Figure 1. HBV BLAST-Hits DB and HBVrtDB Schemas

HBVrtDB was seeded with a blast search of the GenBank viral sequence files using an HBV RT amino acid sequence. Filtered BLAST hits were aggregated by the GenBank reference field and parsed to create a relational database, HBV BLAST-Hits DB (Figure1A). Each set of sequences from a reference was annotated and the resulting annotation was used to populate the tables in HBVrtDB (Figure1B).

Figure 2. Prevalence of Well-Characterized Drug Resistance Mutations in HBVrtDB According To Genotype and Treatment

A schematic representation of the type of data produced by HBVseq or available in the “HBV RT Mutations According to Genotype and Treatment” page. This figure shows ten rows of data corresponding to the ten most widely recognized HBV N(t)RTI-resistance positions (Keeffe et al., 2008b; Lok et al., 2007). The first column indicates the RT position and columns 2 through 10 indicate the percent prevalence of mutation at these 10 positions in N(t)RTI-naïve individuals according to virus genotype. Column 11 contains the pooled (across all genotypes) percent prevalence of mutations in N(t)RTI-naïve individuals. Column 12 contains the percent prevalence of each mutation in individuals who received L-nucleosides and/or ETV but no acyclic nucleoside phosphonates (ANPs). Column 13 contains the percent prevalence of each mutation in individuals who received ANPs but no L-nucleosides or ETV. Column 14 contains the percent prevalence of each mutation in individuals who received L-nucleoside and/or ETV as well as one or more ANPs. In each column, the consensus amino acid is shown at the top of each cell and reported variants along with their percent prevalence (shown as superscripts) are indicated below the consensus. Each mutation represents a hyperlink to the references in which the mutation was reported. Mutations significantly associated with L-nucleosides and/or ETV (column 12) or ANPs (column 13) are shown in bold.

Figure 3. Prevalence of Less Well-Characterized Drug Resistance Mutations in HBVrtDB According To Genotype and Treatment

A schematic representation of the type of data produced by HBVseq or available in the “HBV RT Mutations According to Genotype and Treatment” page. This figure shows ten rows of data corresponding to the ten less well-characterized drug-resistance mutations (see text). The first column indicates the RT position and columns 2 through 10 indicate the percent prevalence of mutation at these 10 positions in N(t)RTI-naïve individuals according to virus genotype. Column 11 contains the pooled (across all genotypes) percent prevalence of mutations in N(t)RTI-naïve individuals. Column 12 contains the percent prevalence of each mutation in individuals who received L-nucleosides and/or ETV but no acyclic nucleoside phosphonates (ANPs).

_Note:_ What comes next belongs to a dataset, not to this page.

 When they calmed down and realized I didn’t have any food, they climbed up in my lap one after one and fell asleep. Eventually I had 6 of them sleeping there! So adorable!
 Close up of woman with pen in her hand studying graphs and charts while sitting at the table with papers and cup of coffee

Column 13 contains the percent prevalence of each mutation in individuals who received ANPs but no L-nucleosides or ETV. Column 14 contains the percent prevalence of each mutation in individuals who received L-nucleoside and/or ETV as well as one or more ANPs. In each column, the consensus amino acid is shown at the top of each cell and reported variants along with their percent prevalence (shown as superscripts) are indicated below the consensus. Each mutation represents a hyperlink to the references in which the mutation was reported. Mutations significantly associated with L-nucleosides and/or ETV (column 12) or ANPs (column 13) are shown in bold.

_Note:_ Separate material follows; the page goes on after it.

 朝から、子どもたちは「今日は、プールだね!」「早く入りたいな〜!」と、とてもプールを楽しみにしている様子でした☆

Figure 4. The HBVseq User Interface

The HBVseq user interface including the sequence submission form (Figure 4A); program output showing the genotype of the submitted sequence, the established drug resistance RT mutations identified in the sequence and a table showing the percent prevalence of each identified mutation in HBVrtDB according to genotype and nucleos(t)ide RT inhibitor (N(t)RTI) treatment (Figure 4B); and the detailed sequence information page accessible through each mutation's hyperlink (Figure 4C). The example shown here is a genotype G sequence containing a well-characterized drug resistance mutation V173L. The circled text in (Figure 4B) shows the percent prevalence of V173L in L-nucleoside and/or ETV-treated individuals. By clicking the V173L hyperlink (Figure 4B), the list of published reports of V173L is shown on a new page (Figure 4C).